Data provided ::
------------------------------------------------------------------------

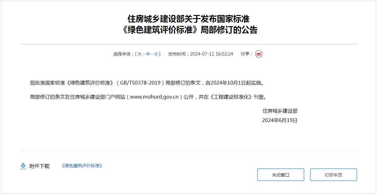 住房城鄉(xiāng)建設(shè)部關(guān)于發(fā)布國(guó)家標(biāo)準(zhǔn) 《綠色建筑評(píng)價(jià)標(biāo)準(zhǔn)》局部修訂的公告
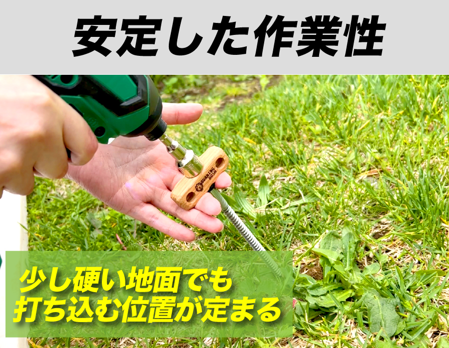 手で押さえながら打ち込むことができるので、少し硬い地面でも、打ち込む位置をしっかり定めて安定してボルトを打ち込むことができます。
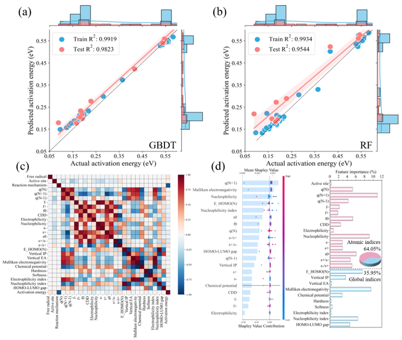为进一步分析催化机理,开发了四种机器学习模型分析自由基诱导脱甲氧基反应的活化能垒。机器学习模型的预测目标包括自由基进攻和甲氧基解离的活化能垒,输入变量包括自由基和反应类型、反应位点及描述碳簇模型微观性质的概念密度泛函理论(CDFT)计算结果,其中包含原子指数和全局指数。建模结果表明(图8),GBDT模型在预测N/O掺杂生物炭催化脱甲氧基反应活化能垒中性能最佳,预测R2为0.9823。原子指数和全局指数在预测活化能垒时重要性分别为64.05%和35.95%,其中Hirshfeld电荷和Mulliken电负性是影响催化性能最重要的DFT参数。

------------------------------------------------------------------------

Task directions :: Nothing but an exact copy of the data, without its images, should make up your answer.

Task result ::
 住房城鄉(xiāng)建設(shè)部關(guān)于發(fā)布國(guó)家標(biāo)準(zhǔn) 《綠色建筑評(píng)價(jià)標(biāo)準(zhǔn)》局部修訂的公告
 手で押さえながら打ち込むことができるので、少し硬い地面でも、打ち込む位置をしっかり定めて安定してボルトを打ち込むことができます。
为进一步分析催化机理,开发了四种机器学习模型分析自由基诱导脱甲氧基反应的活化能垒。机器学习模型的预测目标包括自由基进攻和甲氧基解离的活化能垒,输入变量包括自由基和反应类型、反应位点及描述碳簇模型微观性质的概念密度泛函理论(CDFT)计算结果,其中包含原子指数和全局指数。建模结果表明(图8),GBDT模型在预测N/O掺杂生物炭催化脱甲氧基反应活化能垒中性能最佳,预测R2为0.9823。原子指数和全局指数在预测活化能垒时重要性分别为64.05%和35.95%,其中Hirshfeld电荷和Mulliken电负性是影响催化性能最重要的DFT参数。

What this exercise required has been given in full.